====== EXERCISE MATERIAL
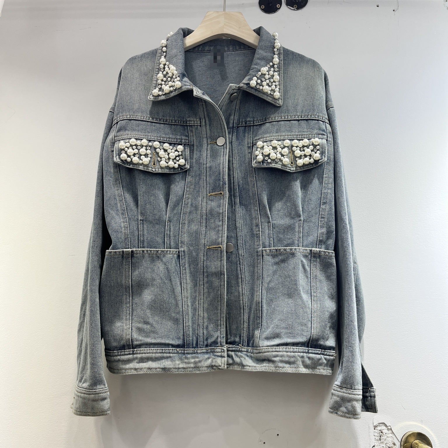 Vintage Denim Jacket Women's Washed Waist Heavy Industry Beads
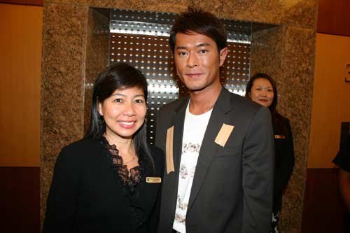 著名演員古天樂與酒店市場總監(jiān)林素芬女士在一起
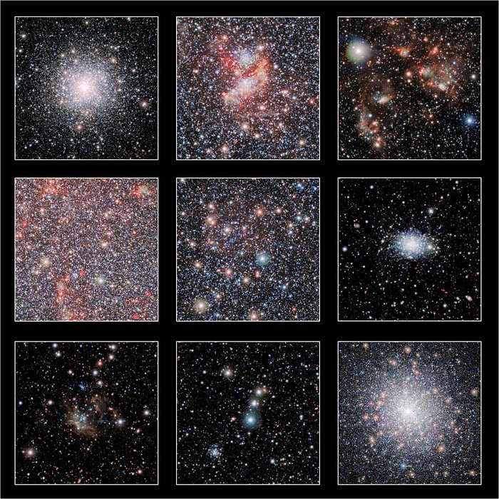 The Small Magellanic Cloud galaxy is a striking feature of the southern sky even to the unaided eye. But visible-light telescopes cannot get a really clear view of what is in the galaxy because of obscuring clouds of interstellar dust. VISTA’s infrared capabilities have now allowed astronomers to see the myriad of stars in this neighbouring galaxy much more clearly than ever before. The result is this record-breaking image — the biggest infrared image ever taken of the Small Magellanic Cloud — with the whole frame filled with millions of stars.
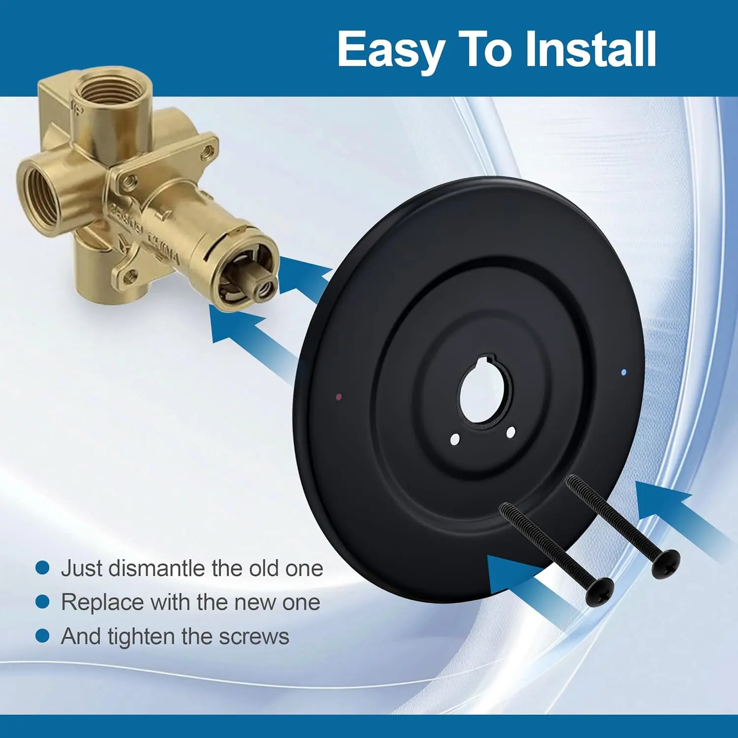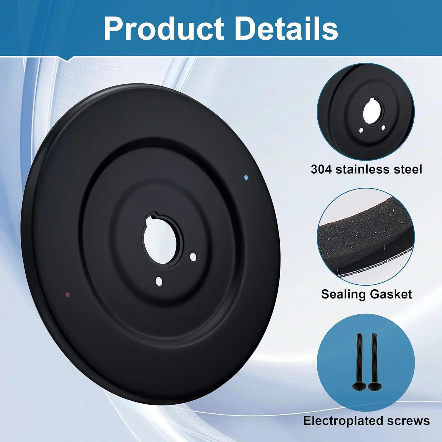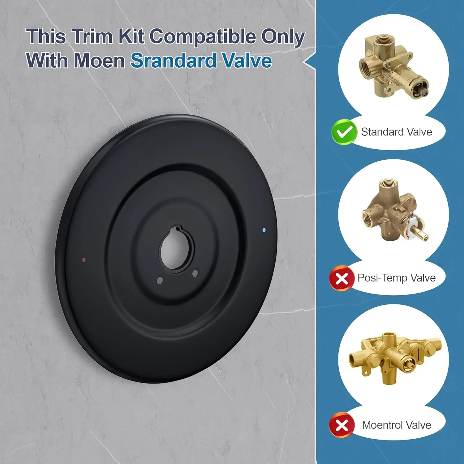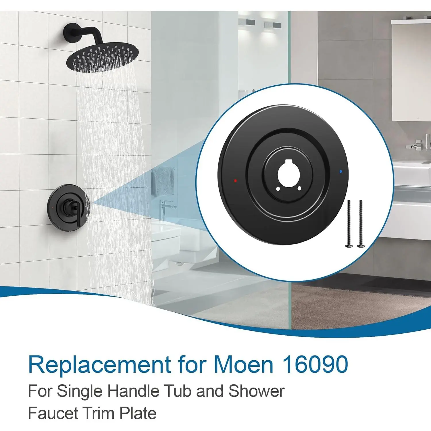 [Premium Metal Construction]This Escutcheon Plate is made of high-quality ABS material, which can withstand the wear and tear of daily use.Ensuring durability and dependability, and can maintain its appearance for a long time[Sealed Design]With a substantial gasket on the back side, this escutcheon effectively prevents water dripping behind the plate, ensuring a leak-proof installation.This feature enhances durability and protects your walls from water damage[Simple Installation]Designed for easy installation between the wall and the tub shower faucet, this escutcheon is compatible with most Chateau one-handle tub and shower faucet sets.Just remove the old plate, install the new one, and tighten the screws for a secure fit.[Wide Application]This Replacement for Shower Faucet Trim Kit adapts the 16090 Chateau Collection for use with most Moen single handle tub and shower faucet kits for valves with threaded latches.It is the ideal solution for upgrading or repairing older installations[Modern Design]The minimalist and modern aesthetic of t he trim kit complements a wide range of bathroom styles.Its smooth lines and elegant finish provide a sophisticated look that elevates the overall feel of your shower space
============
====== EXERCISE MATERIAL
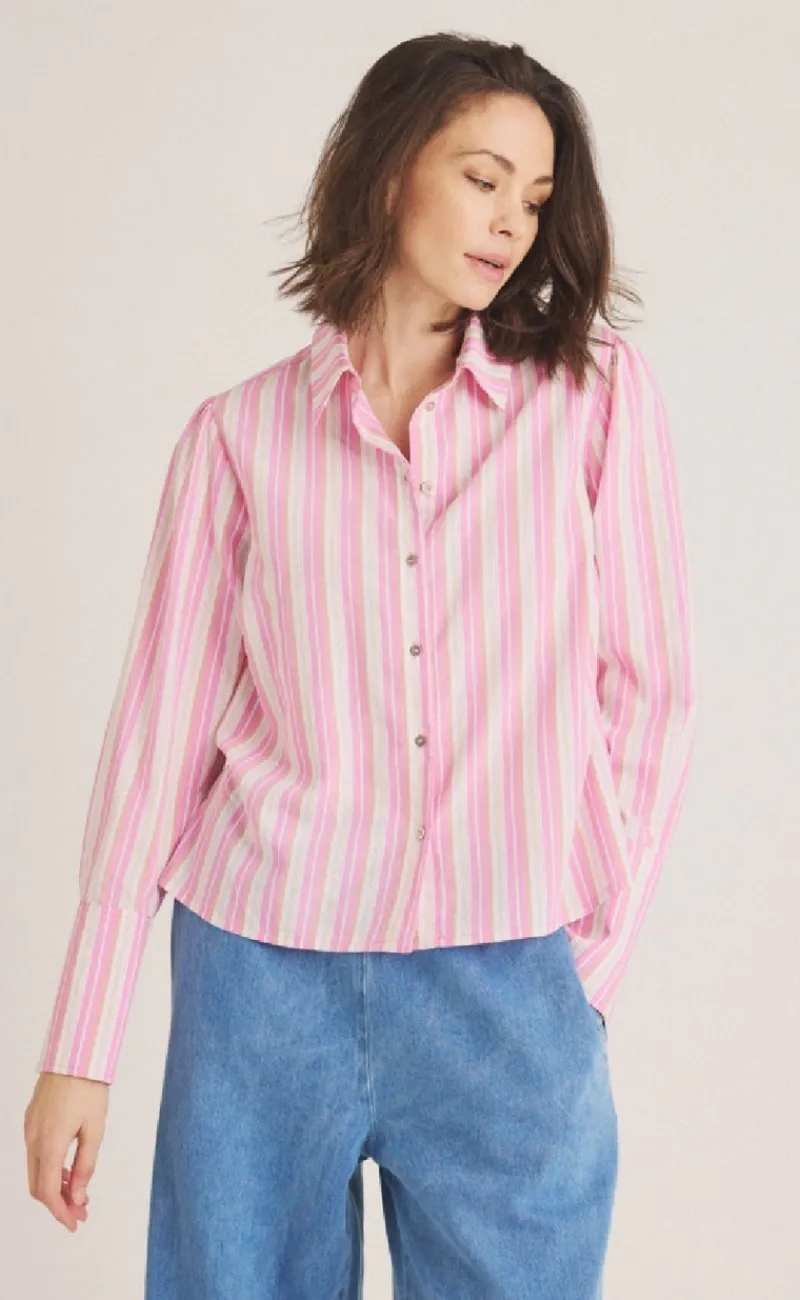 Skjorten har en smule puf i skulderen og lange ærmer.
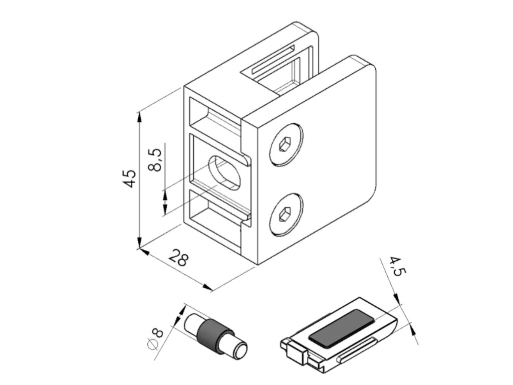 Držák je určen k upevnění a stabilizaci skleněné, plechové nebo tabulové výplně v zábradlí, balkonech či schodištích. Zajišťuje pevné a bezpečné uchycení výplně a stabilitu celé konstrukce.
============
Nothing except the lines from the one containing "Vintage Denim Jacket" through the one containing "The Small Magellanic Cloud galaxy" should appear in the answer, exactly as above and without pictures.

 Vintage Denim Jacket Women's Washed Waist Heavy Industry Beads
 著名演員古天樂與酒店市場總監(jiān)林素芬女士在一起
 The Small Magellanic Cloud galaxy is a striking feature of the southern sky even to the unaided eye. But visible-light telescopes cannot get a really clear view of what is in the galaxy because of obscuring clouds of interstellar dust. VISTA’s infrared capabilities have now allowed astronomers to see the myriad of stars in this neighbouring galaxy much more clearly than ever before. The result is this record-breaking image — the biggest infrared image ever taken of the Small Magellanic Cloud — with the whole frame filled with millions of stars.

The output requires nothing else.